David Shakespeare1, Michael Ledger, Vera Kinzel.   

Abstract

Screened postoperative X-rays of 224 Oxford knees implanted through the minimally invasive approach were analysed using 16 criteria. The technique was as recommended by the Oxford Group except that the femoral intramedullary rod was used only as a guide to flexion/extension of the femoral component. All femoral components were within the recommended range for varus/valgus and mediolateral position. Eighteen femoral components were either too flexed or extended, but by a maximum of only 10 degrees . Tibial components were inserted in slight varus (mean 1.8 degrees , S.D. 8.8, range 10 to -10). All were within the range for posterior slope in spite of difficulty in establishing objective landmarks. Tibial coverage was imprecise with the phase 3 implants which were short and broad relative to the cut surface.
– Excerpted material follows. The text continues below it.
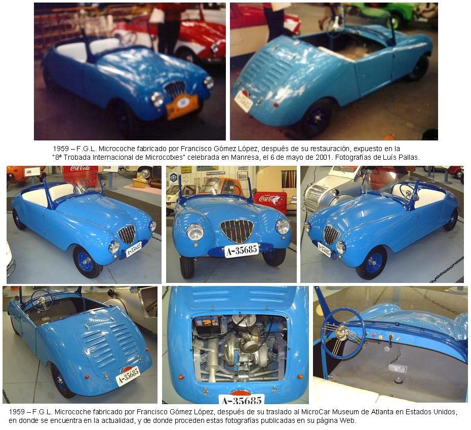 Este es el típico ejemplo de un vehículo identificado con las iniciales de su creador. Este pequeño y encantador coche de dos plazas fue realizado por Francisco Gómez López, con domicilio en el número 2 de la calle Calvo Sotelo de Almoradí, provincia de Alicante, en España. Francisco Gómez tenía estudios de maestría industrial, era diplomado en mecánica e ingeniería eléctrica, y era propietario de un taller de cerrajería.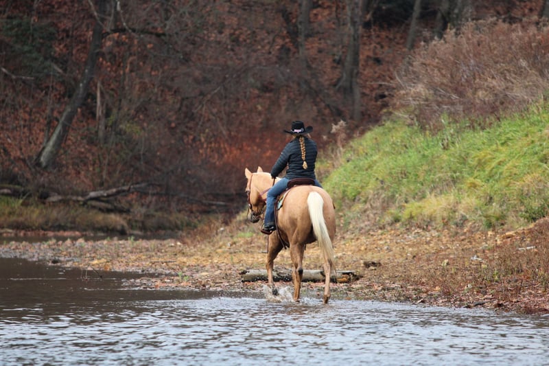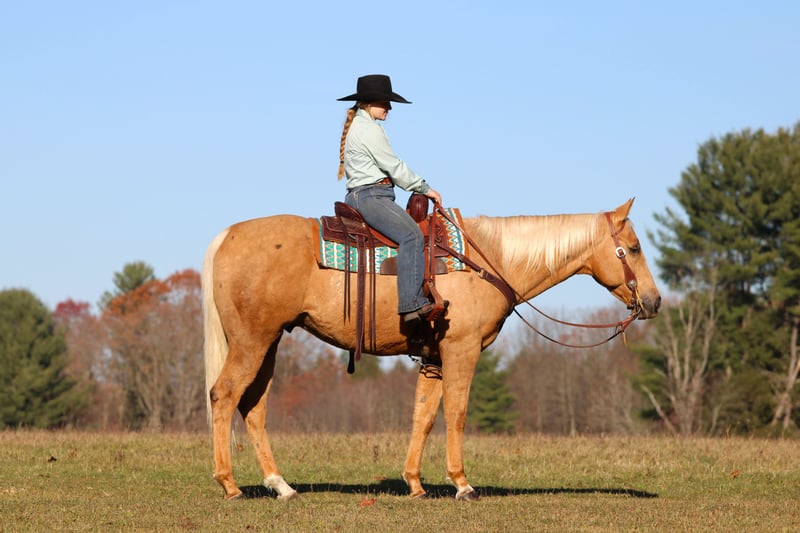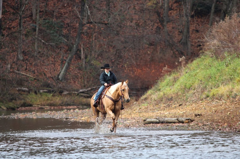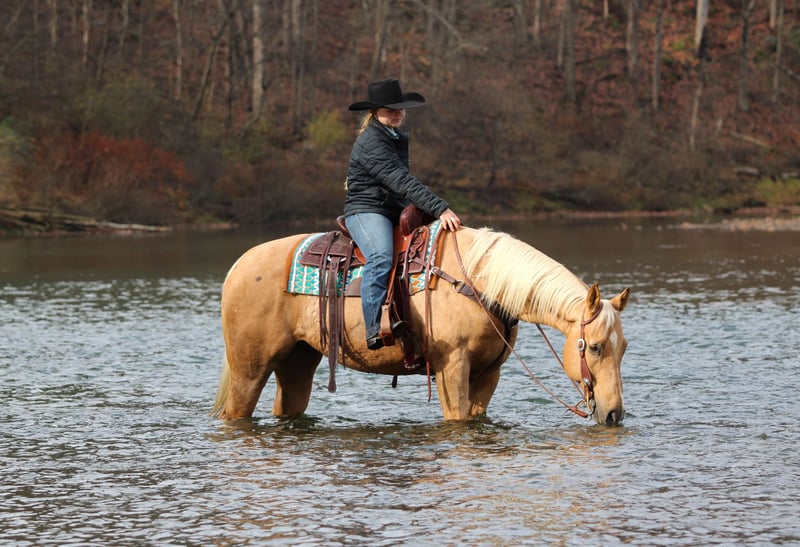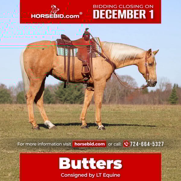 ⚜️ 𝓽𝓱𝓮 𝐇𝐨𝐫𝐬𝐞𝐦𝐚𝐧'𝐬 𝓢𝓱𝓸𝔀𝓬𝓪𝓼𝓮⚜️ Happening now thru MONDAY | DECEMBER 1st - Available EXCLUSIVELY on HorseBid's website! For more details and to register visit: www.Horsebid.com CONSIGNOR CONTACT: LT Equine 724-664-5327 LOCATION: Miola, PA BREED: AQHA REGISTERED: Yes REGISTERED NAME: Cashes Colors COLOR: Palomino HEIGHT: 15.2 AGE: 7 GENDER: Gelding Butters is an absolutely gorgeous palomino gelding with the coolest dark “Bend-Or Spots” on his body that make his color very unique! He stands approximately 15.2 1/2 hands tall with a nice build, good solid legs, and feet. Butters is one of those horses that always wants to be friends with everyone. He doesn’t have a mean bone in his body. He will stand there with you all day and soak up all the attention he can get. He’s had kids mess around with him for hours and he stands perfectly still and does whatever they ask of him. He has phenomenal ground manners, I don’t know about you but that’s very important to me. He’s stands tied quietly, whether in cross ties, on the trailer, to the arena gate. Or just standing in the arena ground tied as you walk around and set up jumps or ground poles! He loads and unloads on the trailer nicely. He stands there patiently without pawing or swaying. He has great stall manners and is easy to catch out in the pasture field. He is a passive horse so he tends to be lower on the pecking order in the field. As for riding Butters is a great ride that any level rider will enjoy! He has never offered to buck, bolt, or rear. He stands great to be mounted from the ground or the mounting block. He has a nice one hand neck rein and will move off leg pressure ques. He sets his head and will trot/jog smoothly. His lope is so smooth that you could quite literally sit it all day! He picks up both leads with ease. And is well seasoned on small circles he keeps a smooth collection with contact or a loose rein! In my opinion Butter would make a FANTASTIC English horse. I have started him over small cross rails and he just has a natural ability that someone could really fine tune. That being said I’m not the best English rider, but I try, and he is so forgiving! He don’t mind if I loose balance or accidentally bump him he keeps his composure and just waits for me to correct myself. With that type of disposition I think he would make a wonderful lesson horse. He has seen more arena riding than trail riding but that doesn’t bother him any he’ll go right out in the woods and across the creeks and through the mud! He’s not a spooky horse he may look at things but no crazy spook! I have had all levels of rider on him and get along with him great. Butter has a Health Check from the vet and current coggins. He is ready to saddle up and go! We can help coordinate shipping, and if you can’t make it to see him in person I’m more than happy to do a FaceTime video with you! For any more information please give me a call or text 724-664-5327.

In 36% of knees the tibial tray was implanted too anterior resulting in posterior under hang. There have been no clinical signs to indicate tipping of the meniscus in deep flexion. The depth of cement penetration under the keel was excessive in three cases, resulting from porotic bone rather than technical error in the depth of the cut. There has been one case of femoral component loosening following a fall and no tibial loosening in spite of imprecise alignment of some components.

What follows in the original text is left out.